■ **Collected material**:
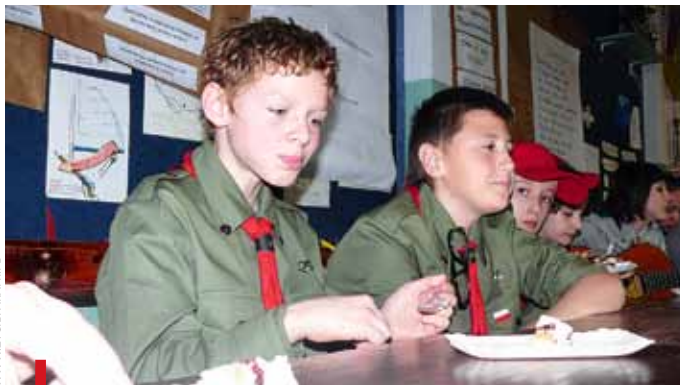
Wspólnym posiłkiem harcerzy i zuchów zrzeszonych w Hufcu ZHP im. Dzieci Głogowskich

GŁOGÓW. 100. rocznica powstania Związku Harcerstwa Polskiego była okazją do wspólnej modlitwy zuchów i harcerzy związanych z głogowskim Hufcem ZHP. Z tej okazji w kościele pw. NMP Królowej Polski 20 listopada odprawiono Mszę św. za żyjących i zmarłych członków hufca. Hufiec ZHP im. Dzieci Głogowskich swoim działaniem obejmuje teren powiatu głogowskiego i górowskiego. Zrzesza ok. 500 zuchów, harcerzy, instruktorów, sympatyków i przyjaciół ZHP. – Harcerstwo jest dla mnie całym życiem. Daje mi okazję do realizacji siebie, w pracy z ludźmi, w gronie
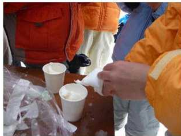
美鈴池で食べたアイスは格別の味でした。ご馳走様！！

■ **What to do**: Please repeat the data above exactly as it appears, pictures excluded.

■ **Expected answer**:
Wspólnym posiłkiem harcerzy i zuchów zrzeszonych w Hufcu ZHP im. Dzieci Głogowskich

GŁOGÓW. 100. rocznica powstania Związku Harcerstwa Polskiego była okazją do wspólnej modlitwy zuchów i harcerzy związanych z głogowskim Hufcem ZHP. Z tej okazji w kościele pw. NMP Królowej Polski 20 listopada odprawiono Mszę św. za żyjących i zmarłych członków hufca. Hufiec ZHP im. Dzieci Głogowskich swoim działaniem obejmuje teren powiatu głogowskiego i górowskiego. Zrzesza ok. 500 zuchów, harcerzy, instruktorów, sympatyków i przyjaciół ZHP. – Harcerstwo jest dla mnie całym życiem. Daje mi okazję do realizacji siebie, w pracy z ludźmi, w gronie
美鈴池で食べたアイスは格別の味でした。ご馳走様！！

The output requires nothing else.